Born at Rethel, in the Ardennes, he was the eldest son of Jules Armand Guillaume Boucher de Crèvecœur, botanist and customs officer, and of Étienne-Jeanne-Marie de Perthes (whose surname he was authorised by royal decree in 1818 to assume in addition to his father's). In 1802 he entered government employ as an officer of customs. His duties kept him for six years in Italy, but upon his returning in 1811 he found rapid promotion at home, and finally was appointed, in March 1825, to succeed his father as director of the douane (customs office) at Abbeville, where he remained for the rest of his life.

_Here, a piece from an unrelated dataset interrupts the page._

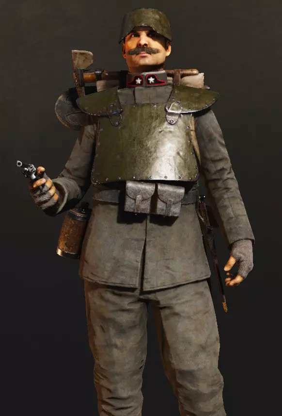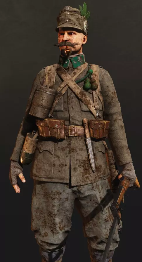 基础武器限定为4种类型:卡宾枪(M91/M95/Kar.98AZ)、手枪(伯莱塔M1915/斯泰尔-哈恩1912/P08鲁格)、轻机枪(维拉尔·佩罗萨/麦德森/MG08/15)以及战利品卡宾枪(M95和M91)。不难看出,这些武器主要适用于近距离战斗,虽然选择不多,但各有特点。 辅助装备有4种选择: - 水壶:与军官的相同。如果你需要进行侧翼机动并大量奔跑,这个很合适。 - 两种手榴弹(默认各2枚),通过不同测试解锁——意大利方为巴尔达里手榴弹和斯帕卡梅拉OSP手榴弹,奥地利方为 Rohrhandgranate(alt)和 Rohrhandgranate(neu)手榴弹,德国方为M1917柄式手榴弹和M1917卵形手榴弹。这是突击兵最重要的武器。近战武器 - 意大利方配备【 Arditi 匕首】,奥地利方配备【战锤】,德国方配备【战壕刀】。用于打乱敌方阵型。

==Boucher de Perthes as an archaeologist==

His leisure time was chiefly devoted to the study of what was afterwards called the Stone Age and antediluvian man, as he expressed it. About the year 1830 he had found, in the gravels of the Somme valley, flints which in his opinion bore evidence of human handiwork; but not until many years afterwards did he make public the important discovery of a worked flint implement with remains of elephant and rhinoceros in the gravels of Menchecourt. This was in 1846.

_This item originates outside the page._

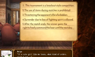 Adventurer Yuni and her lively companion Neige find themselves short on coin, with little choice but to enter the grand martial arts tournament, the Eqttish Arena.

In 1847 he commenced the issue of his monumental three volume work, Antiquités celtiques et antédiluviennes, a work in which he was the first to establish the existence of man in the Pleistocene or early Quaternary period. His views met with little approval, partly because he had previously propounded theories regarding the antiquity of man without facts to support them, partly because the figures in his book were badly executed and they included drawings of flints which showed no clear sign of workmanship.

In 1855 Dr Marcel Jérôme Rigollot of Amiens strongly advocated the authenticity of the flint implements; but it was not until 1858 that Hugh Falconer saw the collection at Abbeville and induced Sir Joseph Prestwich in the following year to visit the locality. Prestwich then definitely agreed that the flint implements were the work of man, and that they occurred in undisturbed ground in association with remains of extinct mammalia.

Charles Lyell not only confirmed the enormous geological time periods of the stratifications, but indicated that the chalk plateau of Picardy, France had once been connected to the chalk lands of Kent, England and that the Strait of Dover or Pas de Calais was the recent result of very long term complex erosion forces.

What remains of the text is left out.